I think there's going to be a lot more freelancers raking in the bucks. The ones that can really manage a project and produce themselves, hit deadlines, over-communicate, do great work, and it doesn't matter how many hours they're sleeping at night. I think we're going to see a lot more of that next year. I don't know if it will be public because a lot of people hide that stuff when it's happening to them, but I predict that's going to happen. Then the last thing is an overall note. Last year at the end of the podcast, I said, “I think the industry, it's been growing a lot. I think it's going to continue to grow.” If you'd asked me in March what I thought was going to happen, I might've taken that back.

Speaker 4:

Ironically, the industry has grown a shit ton this year. In talking with people who know these things, a lot of that growth, especially with like after effects usage and stuff, it's not the typical motion design artists. It's people who a lot of them coming from the web, the UI UX app design world, where motion is quickly becoming required and companies like Google and Apple, it's really just baked into their ethos now. You have Google, has a motion design language almost. They've got material design for design and then they have their version of that promotion. I think that we're actually going to start to see a ton of growth there, and I don't know what that influence is going to do on the rest of motion design, the old school sit down and watch this thing passively crowd.

Speaker 4:

I think it's going to probably create visual trends that are inspired the way apps work and things like that, micro interactions. I think from job opportunity perspective, it's going to be gold rush. It kind of is right now. I've had interviews with artists on the podcast and at the end of it, they're like, “The secret is that 90% of my work is actually stuff that is for an app.” I'm doing like interaction design and that's funding all of this cool stuff that you want to talk to me about. I think that's going to be the new hundred and tags.
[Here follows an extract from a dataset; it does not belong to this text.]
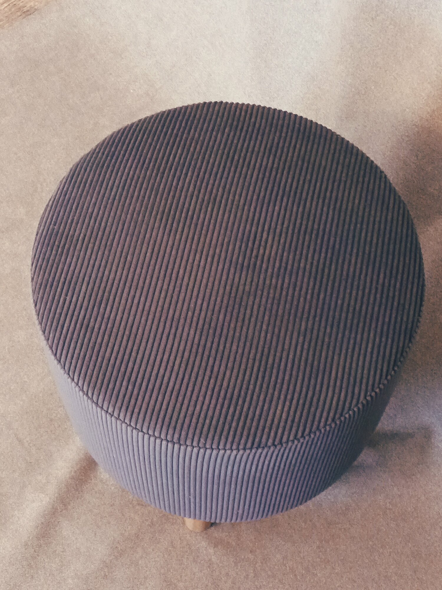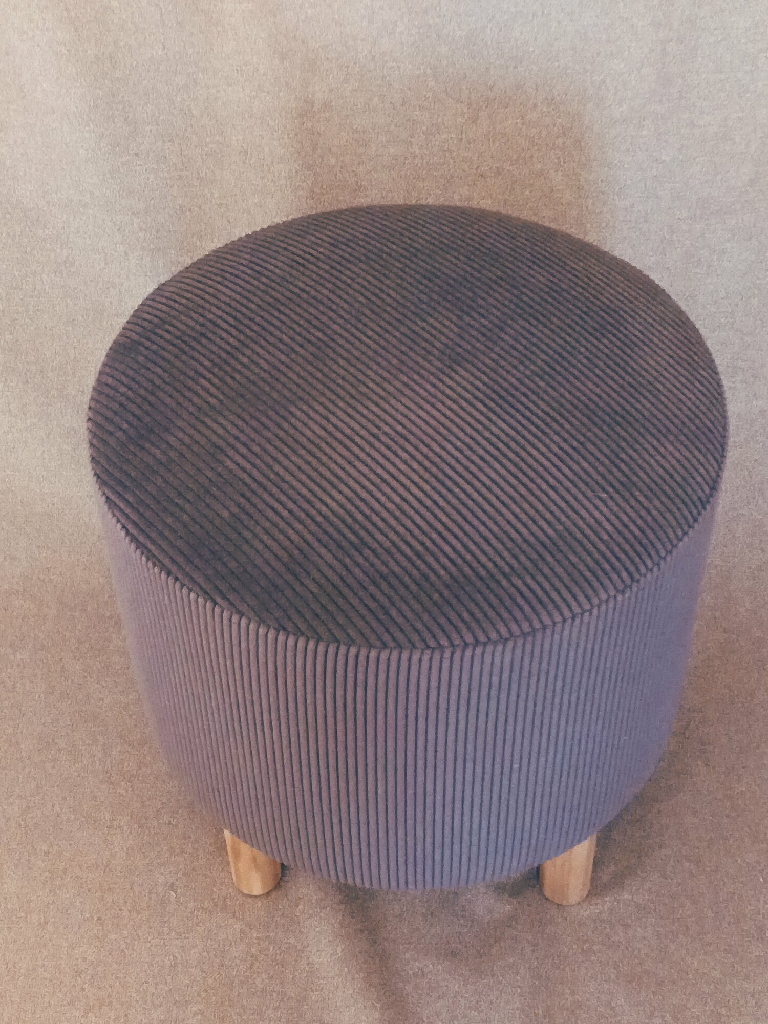 Пуфик, Пуф Круглый, в прихожую, вельвет верх-темно-серый цвет, низ- св. серый цвет, на деревянных ножках с войлочными подпятниками.

It's going to be the new version of that.

Speaker 4:

So yeah. I think the industry is going to just actually accelerate its growth. I don't think 2020 is really slowed it down very much. I know that's distributed unevenly. For some people, this was a really tough year financially, but I'm telling you the word on the street is there's a ton of work. There's not enough people to do it, and it's just learning to find that work. If I'm leaving this episode with any advice, it would be learn to find work, learn to market yourself. That is the secret to success in 2021.

EJ Hassenfratz:

Or make crypto art learn the same thing. Use your skills for both things.

Speaker 4:

If you're still with us, I love you, for real though. Seriously, not kidding. We appreciate you more than you will ever know. I sincerely hope that this podcast provides value, a distraction, some mild entertainment, and at the very least a way to feel a bit more connected to the motion design world. None of this would exist without the support of the school of motion community, and that community pulled together in a very big way in 2020. Now we can put this year behind us, we can make our way into the next seasons of our lives and we can keep on keyframing. That's it for 2020. Thank you again, and happy new year.